In an interview with ABC News, the 57-year-old Victorian revealed that it was a vocation that appealed to him from a young age.

“I fell in love with racing listening to it on the radio, listening to Bert Bryant and Bill Collins, and couldn’t believe the amount of information and the urgency and the vibrancy coming out of the radio,” Miles said.

“When I went to the track and the sights and the smells and the feel of being at the races and hearing Joe Brown on the course PA, I was sold. I knew that’s what I wanted to do.”

Since his maiden call for the ABC in 1979, Miles has guided the nation through 36 Melbourne Cups – a record unmatched by any other race commentator.

Yet his career could so easily have come undone at the starting gate, but for the backing of a keen-eared colleague.

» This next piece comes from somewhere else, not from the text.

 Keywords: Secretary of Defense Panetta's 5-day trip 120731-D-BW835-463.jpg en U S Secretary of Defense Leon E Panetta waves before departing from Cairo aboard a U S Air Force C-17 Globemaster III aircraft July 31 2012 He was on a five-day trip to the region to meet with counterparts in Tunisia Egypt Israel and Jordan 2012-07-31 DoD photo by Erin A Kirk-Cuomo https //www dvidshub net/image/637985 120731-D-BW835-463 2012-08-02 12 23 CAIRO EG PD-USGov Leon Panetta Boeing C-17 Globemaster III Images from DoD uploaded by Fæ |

Recalling Miles’ debut radio gig on Boxing Day 1979, former ABC staffer Peter Booth said: “He seemed to get them away OK … but when they were coming down the side with about 800 metres to go, I knew Greg was in trouble.

“He was describing like a scattergun, just naming horses, it just didn’t make sense.

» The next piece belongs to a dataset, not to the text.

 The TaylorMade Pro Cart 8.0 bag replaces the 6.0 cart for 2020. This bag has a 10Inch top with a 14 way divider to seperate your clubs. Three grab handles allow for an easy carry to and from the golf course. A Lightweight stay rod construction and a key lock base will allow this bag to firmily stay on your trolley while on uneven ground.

“Coming around the turn, obviously something happened, he composed himself … and the last 300 metres was fantastic.”

With the support of Booth’s recommendation, Miles stepped into the seat vacated by the long-serving Joe Brown and called his first Melbourne Cup in 1981.

Since then, he has witnessed and narrated some of the most memorable moments in Australian racing history.

“I’ve been very, very fortunate,” he said.

“I started with Kingston Town and Manikato at the height of their careers, and right through so many other great champions like Might and Power and Northerly and Bonecrusher, and the recent superstars like Sunline and Makybe Diva, and probably the ultimate one is Black Caviar.”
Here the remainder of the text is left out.